***** Exercise input

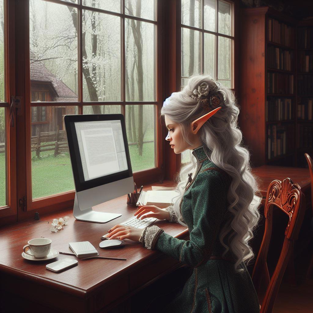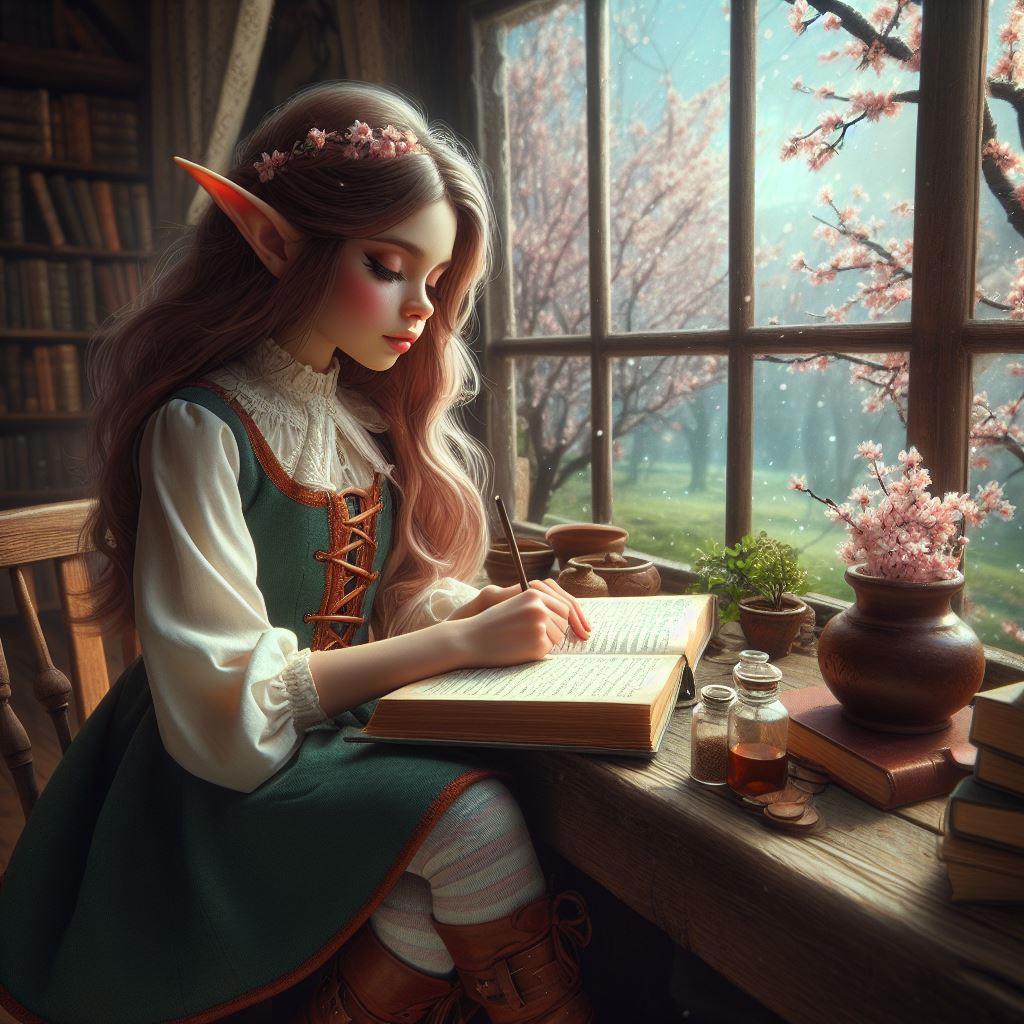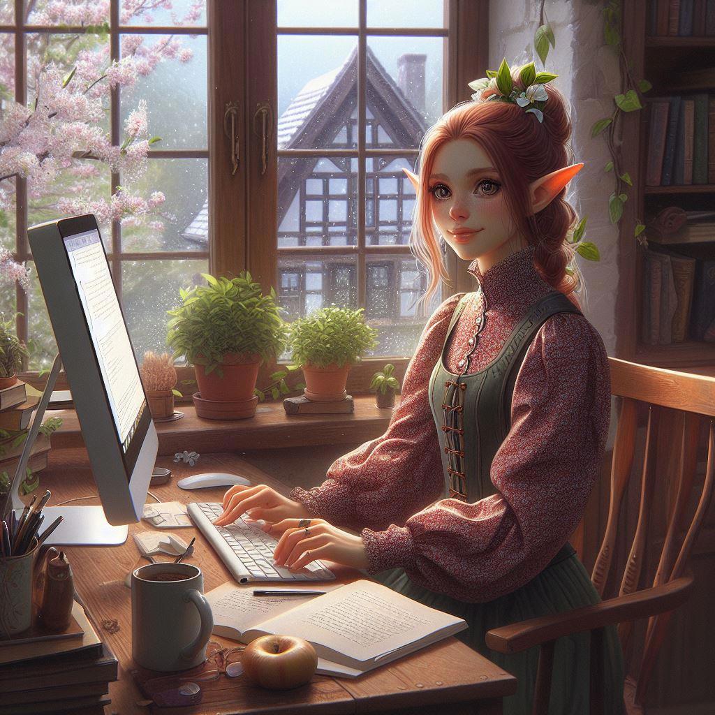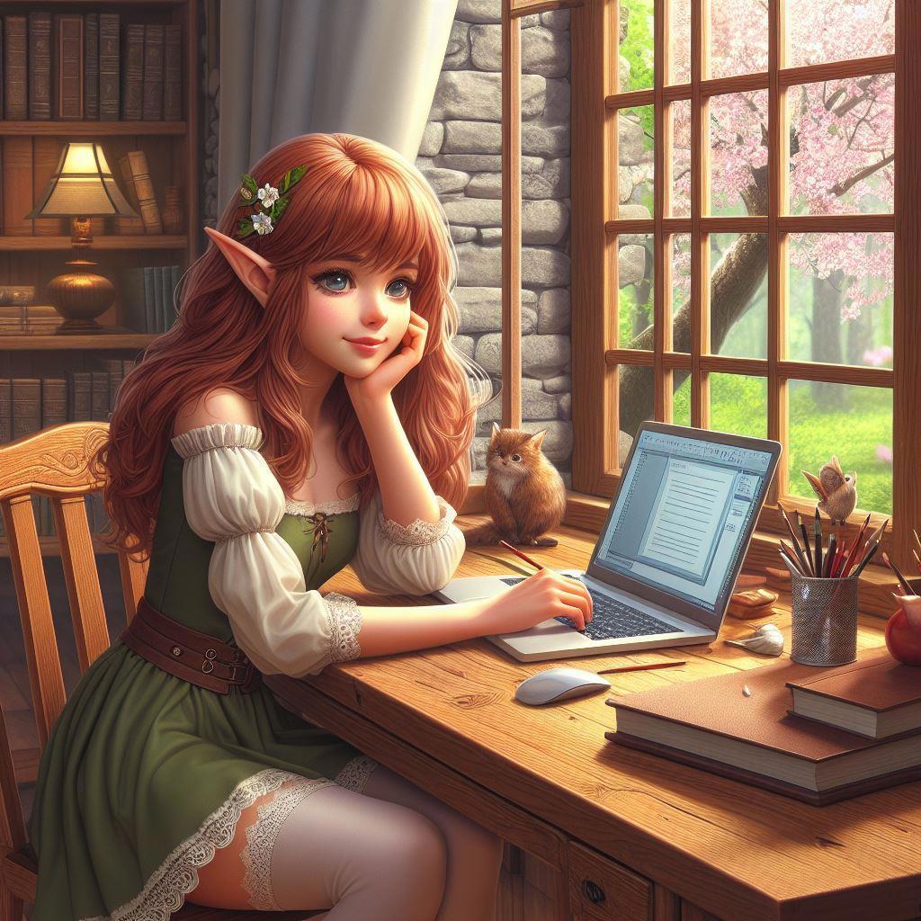 Давно хотела выложить эти арты, но всё никак руки не доходили. Как-то была у меня идея наделать эльфиек на компьютером или за написанием чего-нибудь. В общем, эльфийки за рабочим столом, занятые каким-то делом. Естессно полезным.
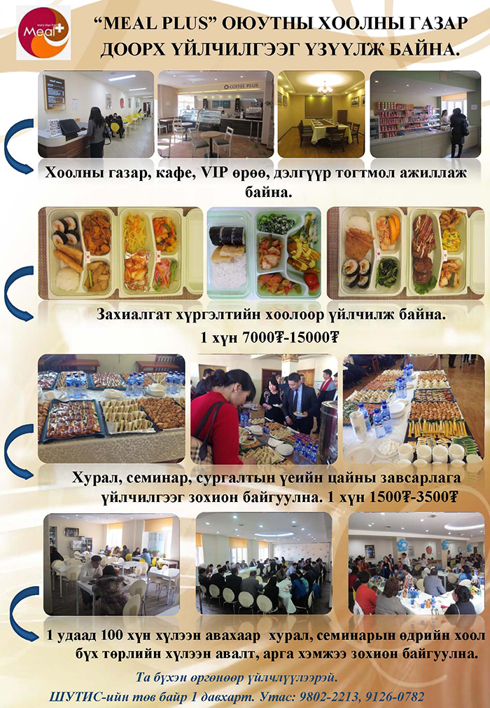 "Meal plus" оюутны хоолны газар доорх үйлчилгээг үзүүлж байна
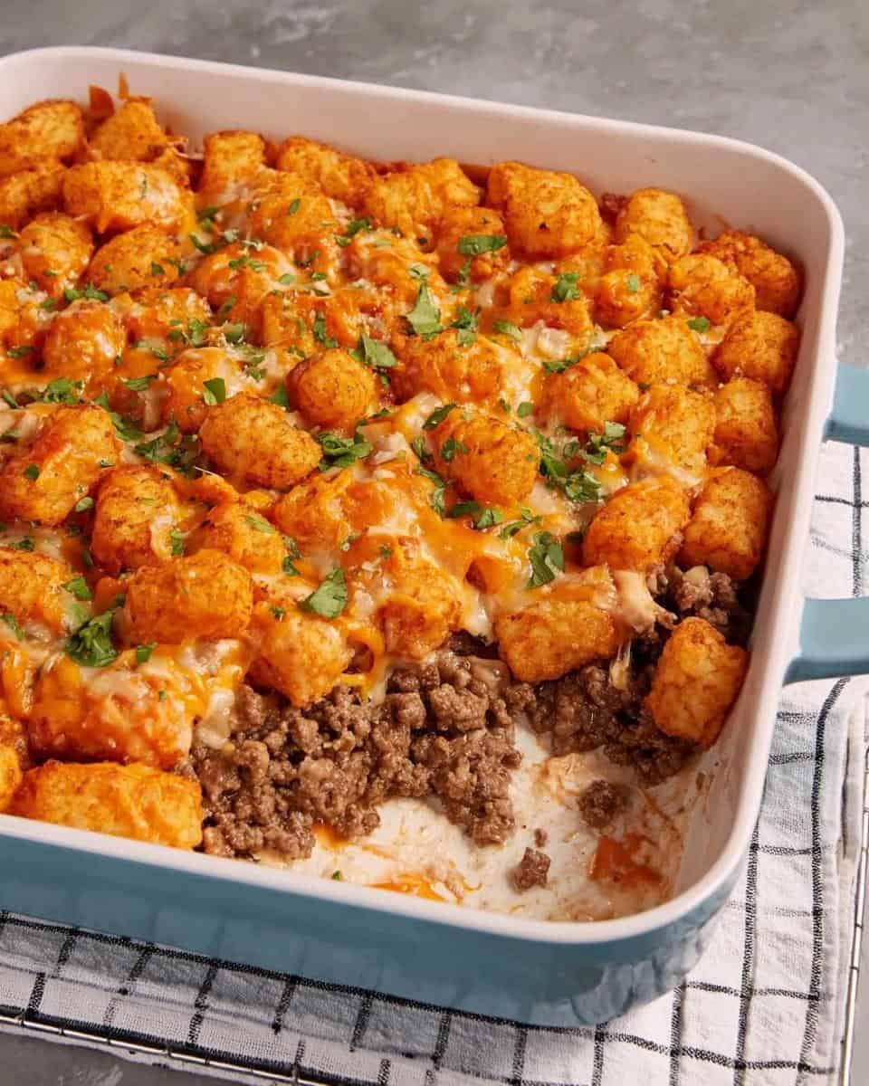 Totally! You can assemble the whole thing – beef, soup, tots, cheese – and keep it covered in the fridge for up to 24 hours. Just add a few extra minutes to the baking time, since it’ll be going in cold. Easy peasy!
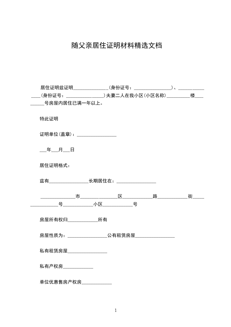 居住证明兹证明_______________(身份证号:________________)、_______________(身份证号:________________)夫妻二人在我小区(小区名称)__________楼__________号房屋内居住已满一年以上。
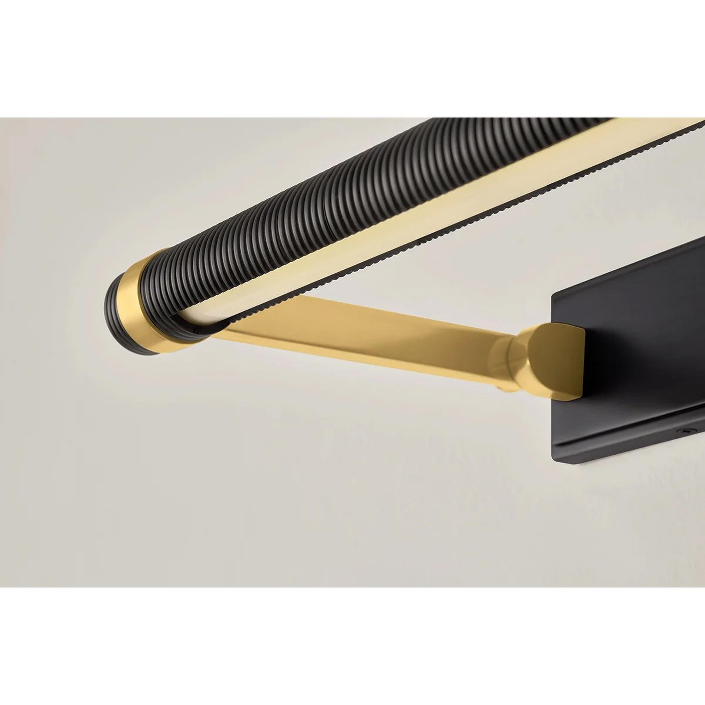 Modern and industrial aesthetics merge in the arresting Polymetis Picture Light. This wonderfully unusual picture light encloses energy-efficient integrated LED lighting in a slender ridged shade. Bracket-like arms and a rectangular backplate support the light bar, offering an angular contrast to the slim cylindrical shade. Deceptively minimalist, this fixture adds architectural interest to any room, highlighting your favorite wall art with swagger and style. Endlessly versatile, Polymetis can also be mounted in bathrooms and powder rooms for a streamlined vibe with tons of flair. Please note this fixture requires a gem box.
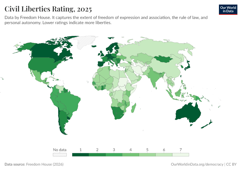 Freedom House (2025) – processed by Our World in Data. “Civil liberties rating” [dataset]. Freedom House, “Freedom in the World” [original data]. Retrieved January 5, 2026 from https://search-sync-local-query.owid.pages.dev/grapher/civil-liberties-rating-fh

**********

Work task –
A verbatim transcription of the listing is expected, with no pictures included.

Output below –
 Давно хотела выложить эти арты, но всё никак руки не доходили. Как-то была у меня идея наделать эльфиек на компьютером или за написанием чего-нибудь. В общем, эльфийки за рабочим столом, занятые каким-то делом. Естессно полезным.
 "Meal plus" оюутны хоолны газар доорх үйлчилгээг үзүүлж байна
 Totally! You can assemble the whole thing – beef, soup, tots, cheese – and keep it covered in the fridge for up to 24 hours. Just add a few extra minutes to the baking time, since it’ll be going in cold. Easy peasy!
 居住证明兹证明_______________(身份证号:________________)、_______________(身份证号:________________)夫妻二人在我小区(小区名称)__________楼__________号房屋内居住已满一年以上。
 Modern and industrial aesthetics merge in the arresting Polymetis Picture Light. This wonderfully unusual picture light encloses energy-efficient integrated LED lighting in a slender ridged shade. Bracket-like arms and a rectangular backplate support the light bar, offering an angular contrast to the slim cylindrical shade. Deceptively minimalist, this fixture adds architectural interest to any room, highlighting your favorite wall art with swagger and style. Endlessly versatile, Polymetis can also be mounted in bathrooms and powder rooms for a streamlined vibe with tons of flair. Please note this fixture requires a gem box.
 Freedom House (2025) – processed by Our World in Data. “Civil liberties rating” [dataset]. Freedom House, “Freedom in the World” [original data]. Retrieved January 5, 2026 from https://search-sync-local-query.owid.pages.dev/grapher/civil-liberties-rating-fh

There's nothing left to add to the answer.